■ EXERCISE
Go to the line with "Wohnbereich mit Kamin, bequeme" in the material below and copy from there through the line with "La rica paleta", exactly. Pictures are not copied.

(GIVEN RECORDS)

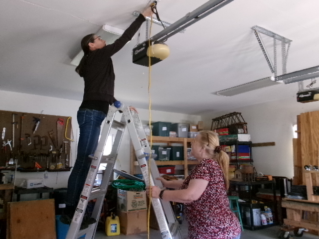 Leaving day is never fun. Sight-seeing trips are over, and you won’t start any new project. Magda had packed and was ready to go. I can’t remember why we were in the garage, but Lise noticed an extension cord plugged into the ceiling. She thought it would be a good idea to take it down in case we used that part of the garage. The girls moved the ladder in place, figured out how to adjust it, and Magda unplugged the cord easily. That was a marvelous preemptive fix.
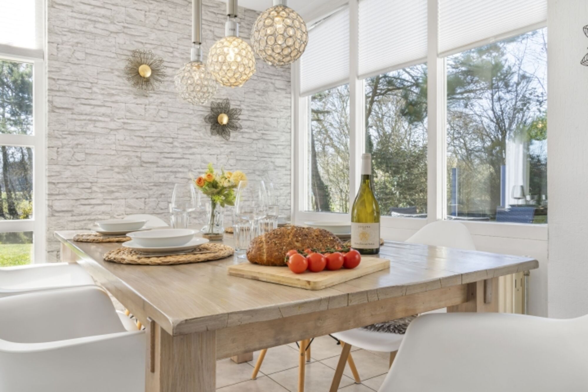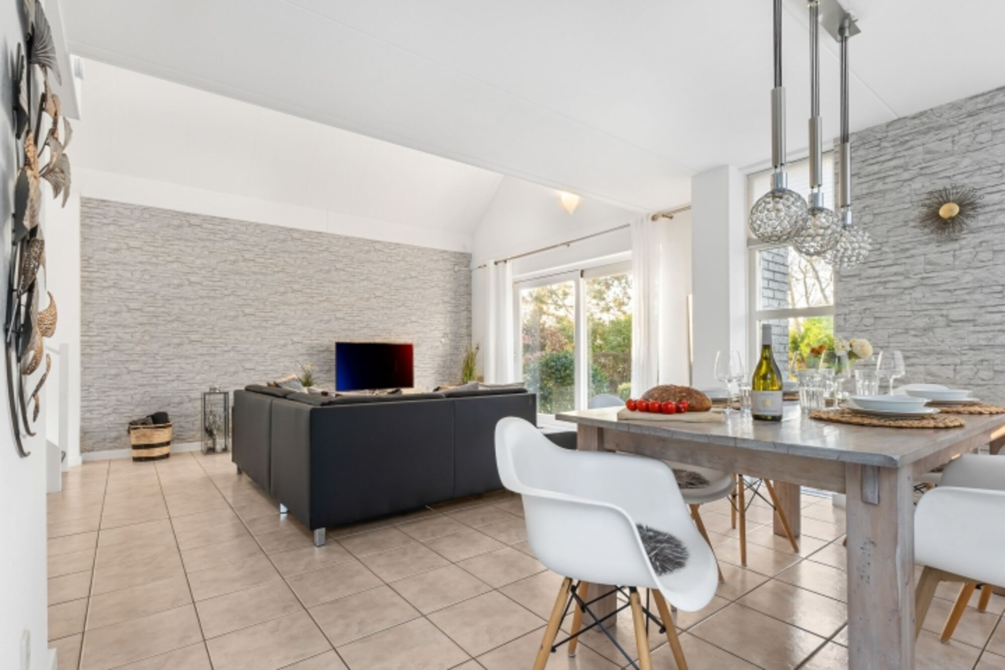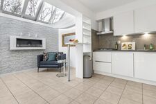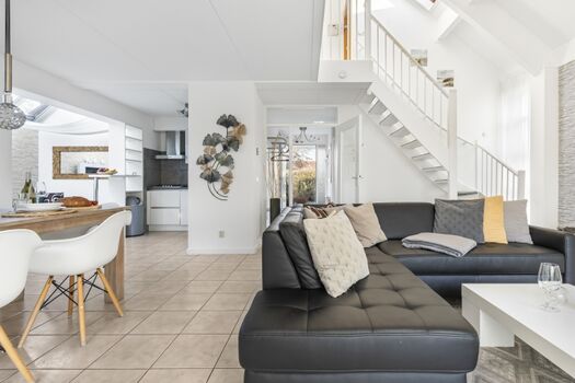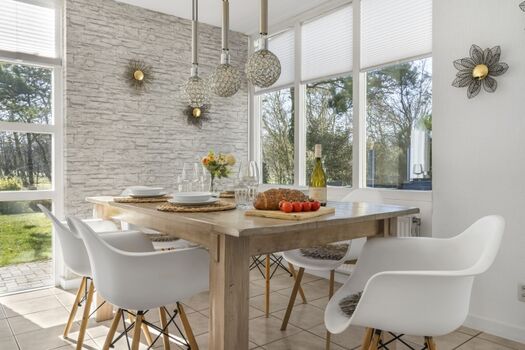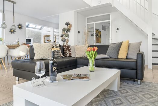 Wohnbereich mit Kamin, bequeme Wohnzimmergarnitur, Esstisch für 6 Personen, Leseecke im Wintergarten, XL-Flachbildschirm-TV (Sat-TV mit deutschen und internationalen Sendern, kein niederländisches TV), DVD, Radio mit CD/MP3 und Anschluss für Handy etc., kleine DVD-Sammlung, kleine Bibliothek, kostenloses WLAN.
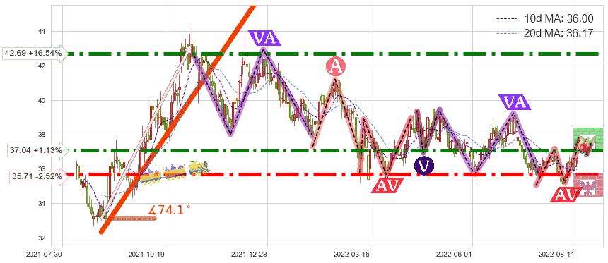 ♘ 阻力价格位37.04,可信任强度84.40%,距离最后交易2022-08-12形成的收盘价格36.63相差 +1.13%
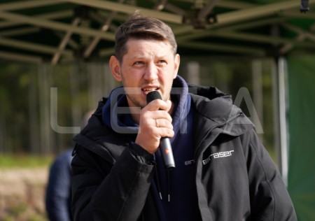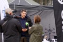 "Eraser" izpilddirektors Edgars Gauručs (centrā) atbild uz žurnālistu ...
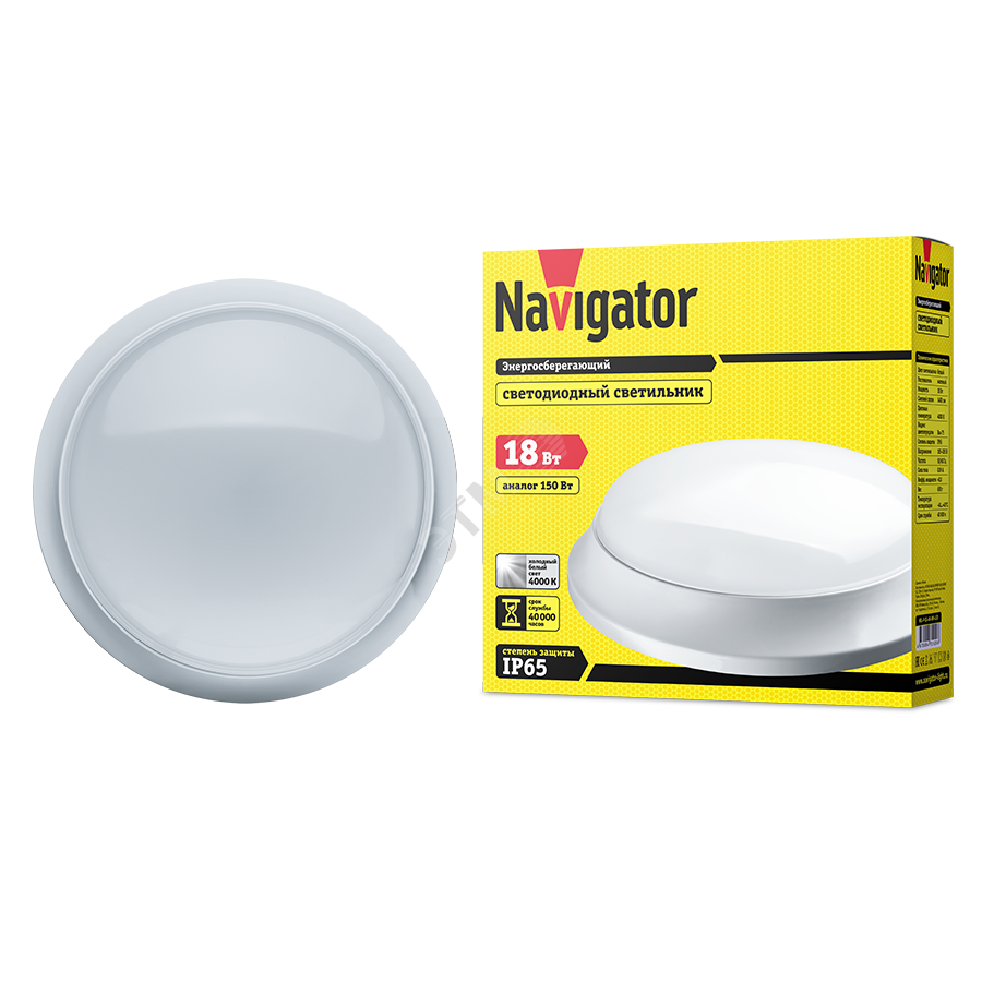 Светильник светодиодный ДБП-18w 4000К 2400Лм с блоком аварийного питания 1ч IP65 круглый пластиковый белый
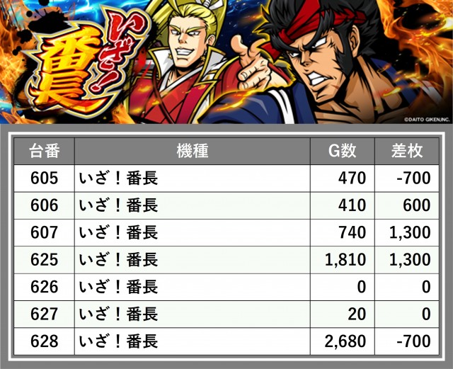※台番順に掲載しています
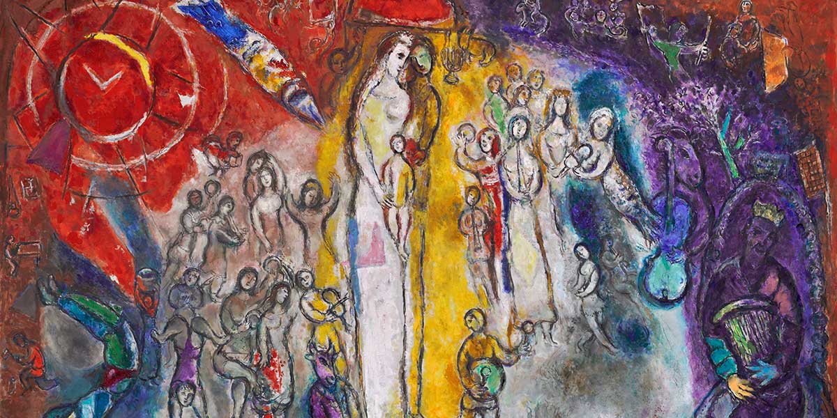 La rica paleta de Chagall se vio influenciada por su experiencia en la creación de vidrieras, muchas de las cuales fueron encargadas a lo largo de la década de 1960.
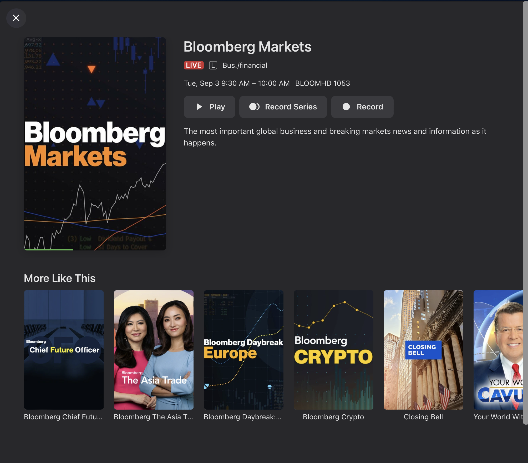 zaHrecsohbiw 14 Posted September 3, 2024 Posted September 3, 2024 On 8/31/2024 at 3:58 PM, ebr said: Hi. Example? This is obviously very thorough and has a lot of useful metadata. I just find it curious that it does _not_ include US ratings in this case. (Note: it at least makes sense that for this example, the displayed rating is wrong in the guide. It makes less sense in the aforementioned examples where US ratings _are_ available but still not displayed.) It seems like the intention in the GUI is to also display all provided qualifiers and genres? Perhaps not. I swear I've seen at least two qualifiers listed at once before, but I could be misremembering. I don't know if you have a way of prioritizing the most relevant qualifiers and omitting the ones that don't matter, or if they manage some other logic, etc. { "startTime": "2024-09-03T16:30Z", "endTime": "2024-09-03T17:00Z", "duration": 30, "qualifiers": [ "CC", "HD 1080i", "HDTV", "Live", "New" ], "channels": [ "353" ], "program": { "tmsId": "SH027293710000", "rootId": "11766722", "seriesId": "11766722", "subType": "Series", "title": "Bloomberg Markets", "releaseYear": 2015, "releaseDate": "2015-05-11", "origAirDate": "2015-05-11", "titleLang": "en-GB", "descriptionLang": "en", "entityType": "Show", "genres": [ "Bus./financial", "News" ], "longDescription": "The most important global business and breaking markets news and information as it happens.", "shortDescription": "The most important global business and breaking markets news and information as it happens.", "topCast": [ "Vonnie Quinn", "Shery Ahn", "Matt Miller" ], "ratings": [ { "body": "Departamento de Justiça, Classificação, Títulos e Qualificação", "code": "L" }, { "body": "Australian Classification Board", "code": "G" } ], "preferredImage": { "width": "480", "height": "720", "uri": "assets/p11766722_b_v8_ac.jpg?w=480&h=720", "category": "Banner-L1", "text": "yes", "primary": "true", "tier": "Series" } }, "station": { "stationId": "71799", "callSign": "BLOOMHD", "videoQuality": { "signalType": "Digital", "truResolution": "HD 1080i", "videoType": "HDTV" }, "channel": "353", "preferredImage": { "width": "720", "height": "540", "uri": "assets/s71799_ll_h15_ab.png?w=720&h=540", "category": "Logo", "primary": "true" } } }
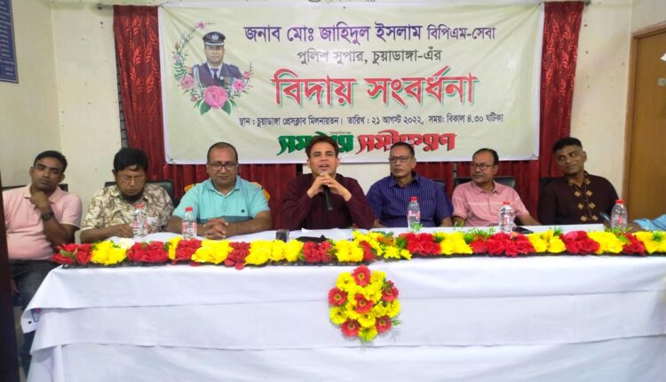 চুয়াডাঙ্গার বিদায়ী পুলিশ সুপার জাহিদুল ইসলামকে সংবর্ধনা অনুষ্ঠিত
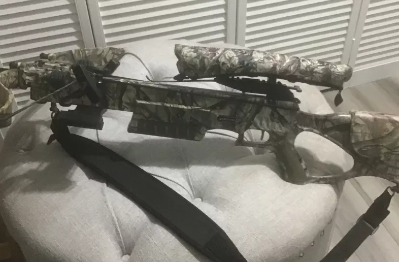Excellent shape 405 ft./s comes with Cocking aid, bow cover , accurate at 60 yards, comes with quiver and bolts.ftf pick up .New string, ready for hunting season. thanks for looking.
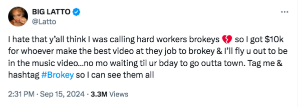“I hate that y’all think I was calling hard workers brokeys so I got $10k for whoever make the best video at they job to brokey & I’ll fly u out to be in the music video…no mo waiting til ur bday to go outta town. Tag me & hashtag #Brokey so I can see them all”
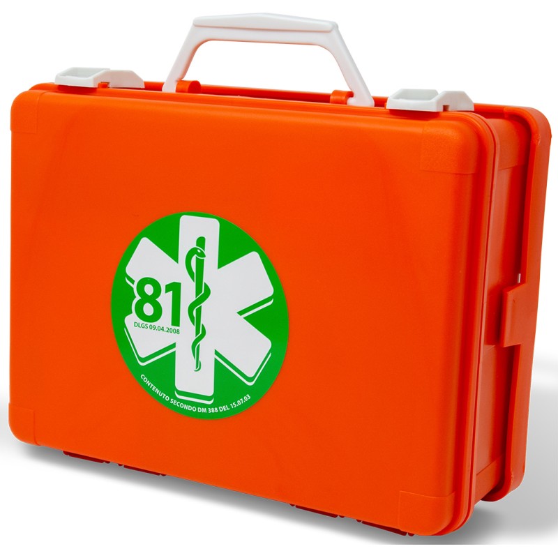 Valigetta realizzata in polipropilene antiurto, colore arancio, supporto per attacco a parete, maniglia per trasporto, chiusura con 2 clip rotanti.
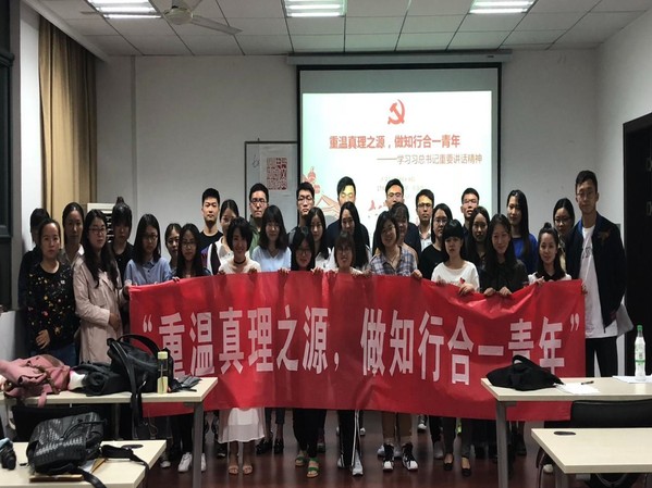 “马克思主义不仅深刻改变了世界,也深刻改变了中国”5月5日习近平总书记在纪念马克思诞辰200周年大会上发表重要讲话在师生间引起热烈讨论。为深入学习贯彻习总书记重要讲话精神,5月12日晚,人文学院2017级研究生第一、第二党支部在学院210教室联合组织开展“重温真理之源,做知行合一青年”学习习总书记重要讲话精神主题教育活动。活动由人文学院2017级研究生第二支部书记尚靖凯主持,支部全体党员、发展对象、入党积极分子参与活动。

(End GIVEN RECORDS)

■ ANSWER FOR THIS EXERCISE
 Wohnbereich mit Kamin, bequeme Wohnzimmergarnitur, Esstisch für 6 Personen, Leseecke im Wintergarten, XL-Flachbildschirm-TV (Sat-TV mit deutschen und internationalen Sendern, kein niederländisches TV), DVD, Radio mit CD/MP3 und Anschluss für Handy etc., kleine DVD-Sammlung, kleine Bibliothek, kostenloses WLAN.
 ♘ 阻力价格位37.04,可信任强度84.40%,距离最后交易2022-08-12形成的收盘价格36.63相差 +1.13%
 "Eraser" izpilddirektors Edgars Gauručs (centrā) atbild uz žurnālistu ...
 Светильник светодиодный ДБП-18w 4000К 2400Лм с блоком аварийного питания 1ч IP65 круглый пластиковый белый
※台番順に掲載しています
 La rica paleta de Chagall se vio influenciada por su experiencia en la creación de vidrieras, muchas de las cuales fueron encargadas a lo largo de la década de 1960.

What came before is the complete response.